Out of curiosity, how were those video game sounds on “And Me” produced?
ADROCK: They are sounds that you can’t really put on a document, because they’re undocumented sounds! [laughs] They’re sounds that are out there in the world. [laughs] [“And Me”] was basically about the telephone and my reaction to computers. You know that when you’re far away, you’re always on the fucking phone, calling home or a girlfriend? It’s like your lifeline feels like fiber optics in your veins and shit.
As for the lawsuits from the Jimmy Castor Bunch and James Newton, how did they affect the band’s outlook on sampling?

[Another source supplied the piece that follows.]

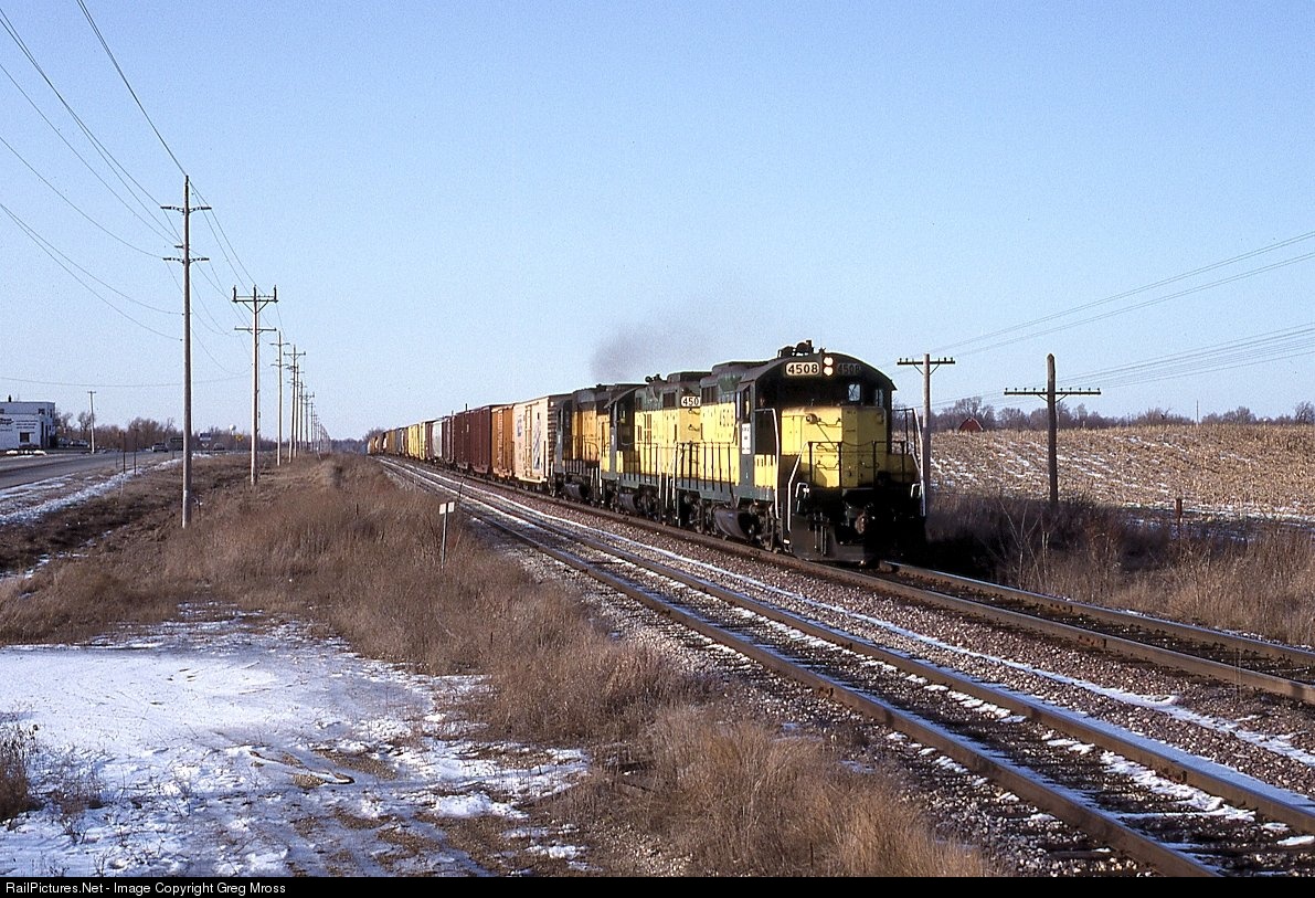 FRVR 4508 has a eastbound (actually southbound) freight in tow as it passes Barton Siding in Barton, WI in March of 1992. Once CNW's Airline Subdivision, this line, and the FRVR is gone here. The FRVR had some really dedicated fans, but they were greatly outnumbered by the more popular Wisconsin Central at the time.

ADROCK: The Jimmy Castor thing was interesting because we nearly stole his entire song and put it on ours without paying him. It was like, “Oh yeah, that’s right, if you take a whole bunch of somebody’s song I can see their argument.” We just took a whole lot of his record “Hey Leroy” and put it in our song, “Hold It Now, Hit It.” It’s like, [the vocal clip] “Hey, Leroy!” and then it just plays a whole percussion break of his thing. His lawyers got in touch with Def Jam, and was like, “Hey, you can’t really do that.” And so we paid him. The James Newton thing was a drag. We actually paid for the sample, but the guy felt like it wasn’t enough. And then ten years later he came back to us. I think it was his lawyers who really wanted to get some money, and so they convinced him to do this thing, and it turned into a whole fiasco. It was very weird, because we actually signed contracts and paid for the sample. But I guess that wasn’t good enough.

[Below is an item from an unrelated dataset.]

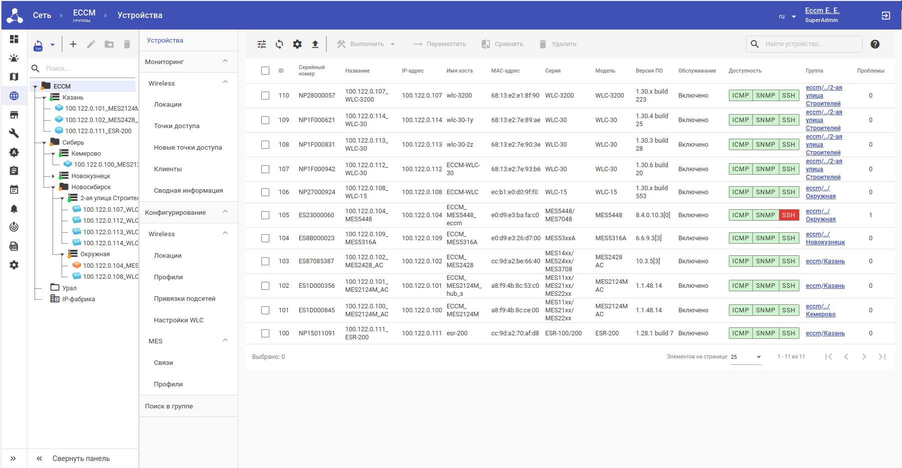Раздел Wireless отображается в меню группы при наличии устройств WLC в системной лицензии.

MCA: It definitely made me more hesitant, especially the Newton one, which was really ridiculous. I remember going into [To the 5 Boroughs], and just felt like, “Let’s make an album with no sampling on it at all,” because it was just a pain in the ass. But, of course, once we started making it, we ended up sampling stuff because it just sounded good, and it’s fun to sample. But [those lawsuits] definitely left a bad taste in my mouth, especially when we got harassed [by Newton’s lawyer], even after we made an effort to clear that sample. We ended up getting screwed. There are two different issues: When you clear samples there’s publishing and master-usage. On that particular one, we cleared the master, but we didn’t clear the publishing, because we didn’t feel that it was a songwriting issue- which the judge ended up agreeing with us in the end, both judges. We won the case, and [Newton’s lawyer] brought it to another judge.
MIKE D: It definitely makes you more cautious. In the James Newton [lawsuit], we did everything we were supposed to do. That’s what the lawsuit [trial] proved; that was a sample we cleared. When we started our new record, we were just so pissed off about that. We cleared that sample the way we were supposed to do with his record label, and we still got sued over it. When we started [on the new record], we left [sampling] alone for a minute, but we ended up going back to the well and loop up a couple of [samples] and say, ”This feels good, we gotta do it!”
Still digging for ideas?
ADROCK: Always. I’m feeling the Muppets right now. The Muppets have beats; you’d be surprised!
MIKE D: For me, it’s about the Sesame Street ‘70s shit. They had incredible music guests on the show, like Stevie Wonder, who did the best TV musical performance ever. They had songs, beats, and had it all. Being a dad got me up on the Sesame Street beats.